As Art. 261 of the Labor Code of the Russian Federation says, in the case when an employee became pregnant, but at the same time, the management concluded an urgent paper, and the birth will be earlier specified period, the employer is obliged to renew it.

At the same time, you need to know that it is impossible to dismiss such an employee until her child is three years old. This is allowed only upon liquidation of the company. The employer is also required to pay all maternity benefits.

Probationary period with a fixed-term employment contract for the duration of maternity leave

According to Article 70 of the Labor Code of the Russian Federation, it is strictly forbidden to establish a trial period for a woman who is carrying a fetus or one who has a child under one and a half years old. If the employee is on probationary period, she can safely go on maternity leave, there are no restrictions for this.

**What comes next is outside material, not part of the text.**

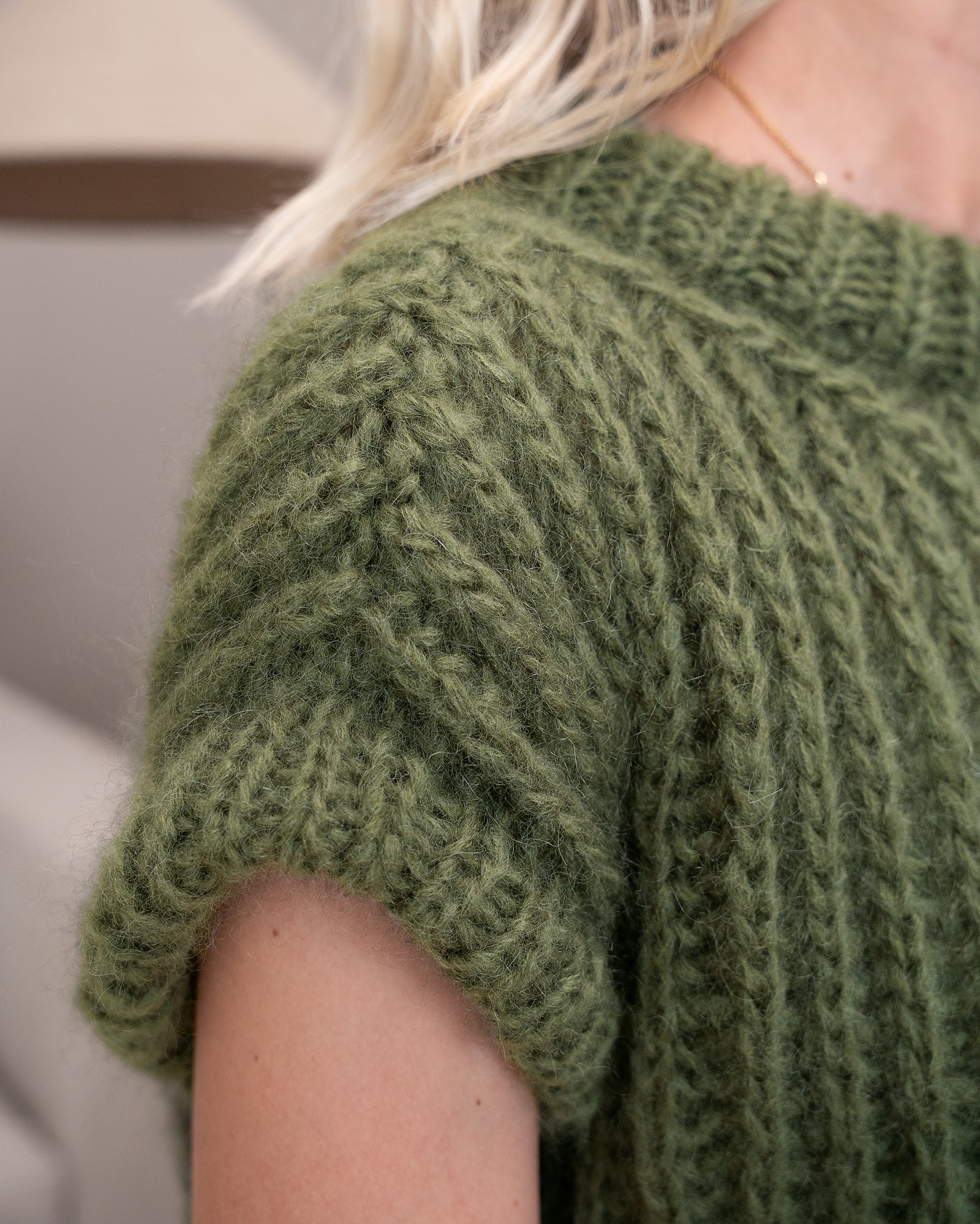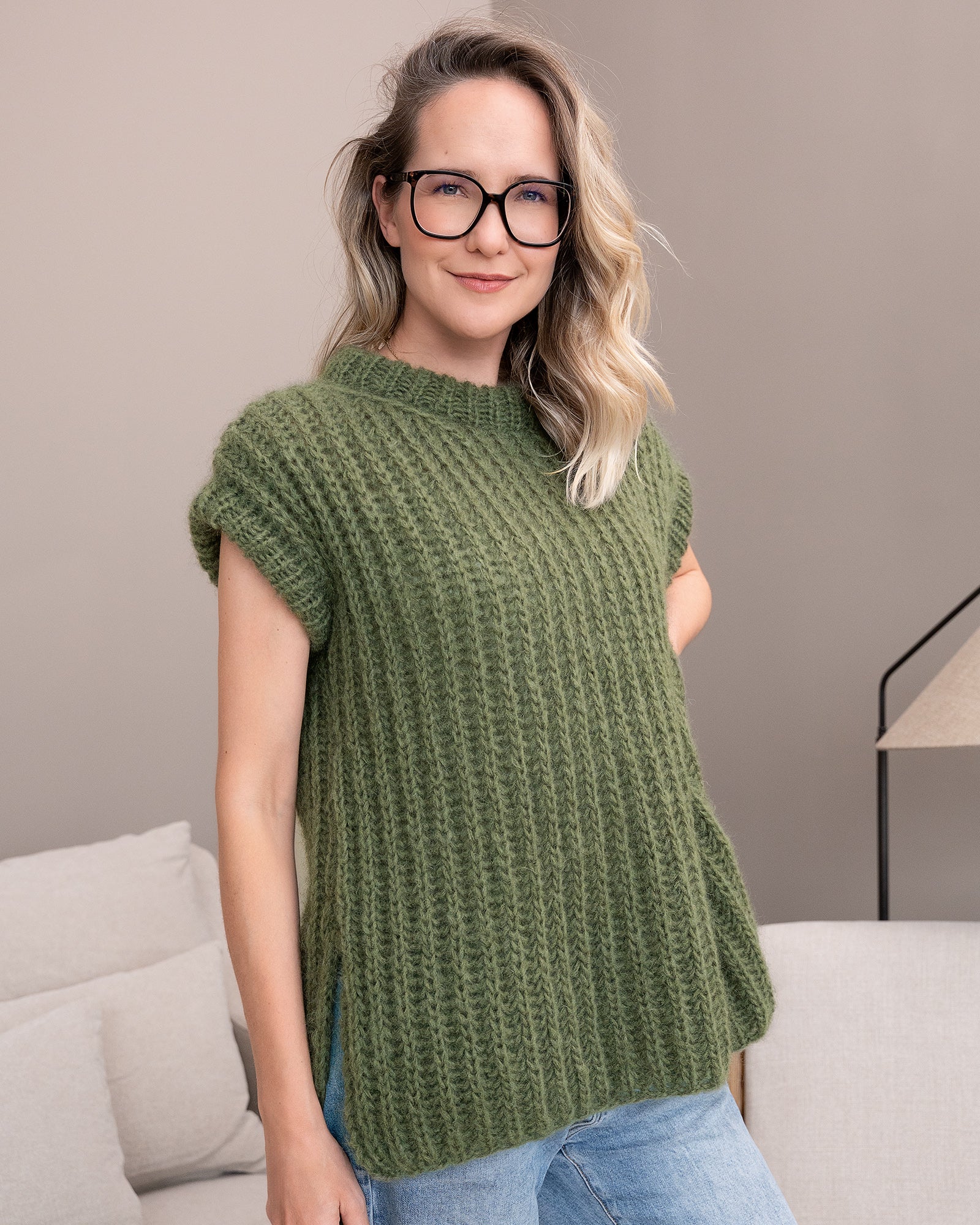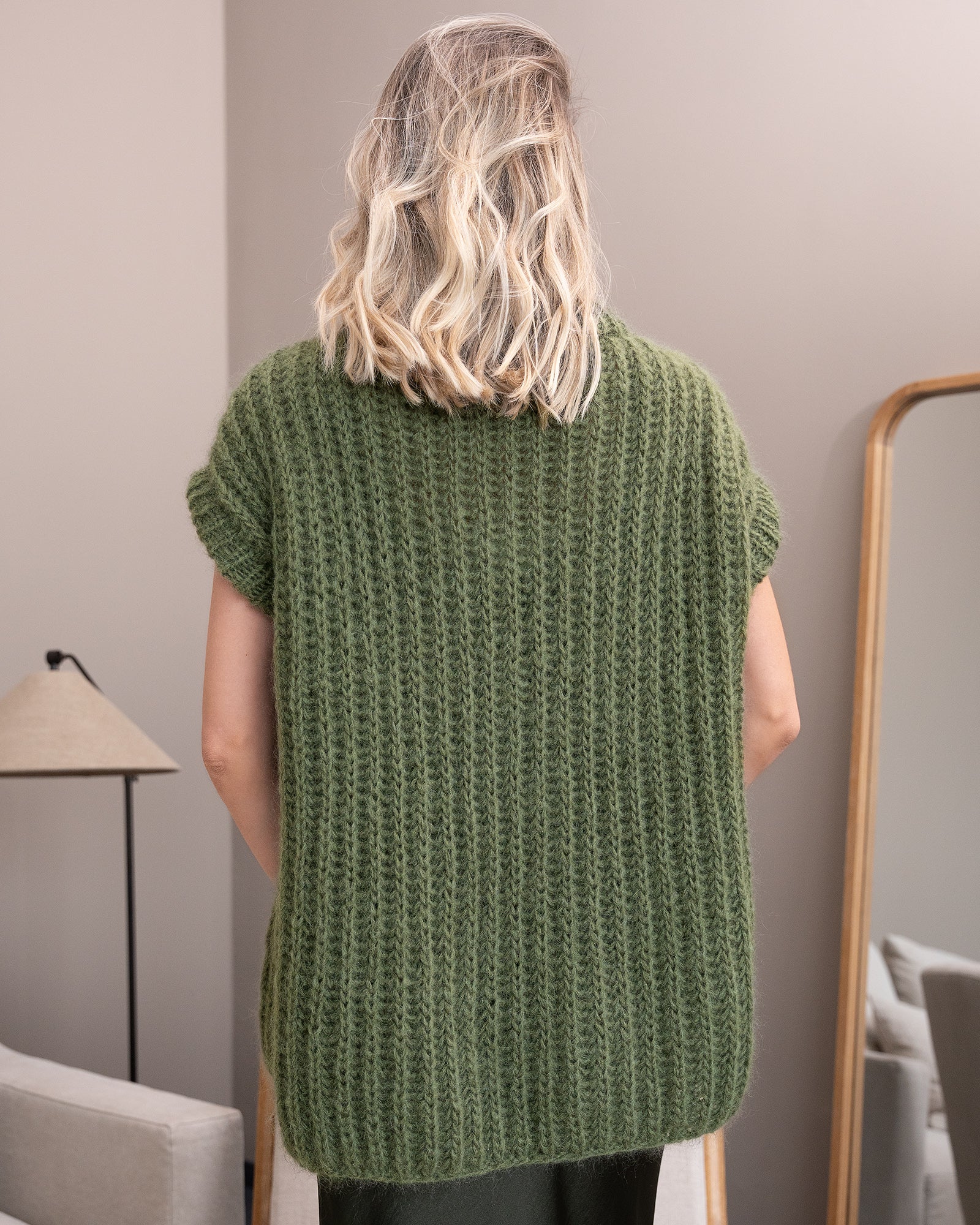 Der GioSlipover wird zunächst in Einzelteilen von unten nach oben gestrickt. Nach dem Schließen der Schulternähte werden Maschen rund um den Halsausschnitt aufgenommen, um den Kragen im Rippenmuster in Runden zu arbeiten. Nach dem Abketten wird der Kragen zur Hälfte nach innen umgeschlagen und auf der Innenseite angenäht.

Termination of a fixed-term employment contract during maternity leave

In this situation, the employer is obliged to extend the period when providing a certificate. This document is provided by the pregnant woman every three months.

The management of the company has the right to dismiss the employee when the paper expires, while the pregnant woman replaced another employee and does not give a written agreement for transfer to another position.

It is important to understand that such a document cannot be terminated or dismissed by an employee who is pregnant or has a child under one and a half years old.

Dismissing an employee under a fixed-term employment contract during pregnancy

Pregnancy is a difficult and very important period for every girl. The state always goes towards a woman who is carrying a child.

But sometimes a situation arises when her dismissal is allowed:

  • The first condition is the desire of the girl herself;
  • The second condition is the situation in which the term of the document ends, the employee who was replaced by the pregnant woman returns, but at the same time she refuses to transfer to another position in writing;
  • Another condition is the reorganization or liquidation of the company.

Sample fixed-term employment contract for maternity leave

Every employer needs to know how to properly draw up such a document.

An example paper can be downloaded here:

This document can be drawn up for a maximum of five years. If it is not renewed, it automatically becomes indefinite.

Order on the extension of a fixed-term employment contract for the period of maternity leave

To extend such a document, the employee needs to write a statement, after which the paper is concluded and an order is issued.

An example can be downloaded here:

A pregnant woman must also attach a medical certificate. There is no specific form in the laws; each organization sets its own example of paper.

You need to know that such a document indicates the period for which the contract is concluded, all the conditions, the amount. The order must indicate the name of the organization, the reasons for drawing up the order, the signature of the head and the number.

Everyone should know their rights so that in the future there are no incomprehensible situations at work. In case of any problems, you will have to turn to the judicial authorities for help, and this is a rather long and difficult process, dragging on even for several years and requiring the intervention of lawyers.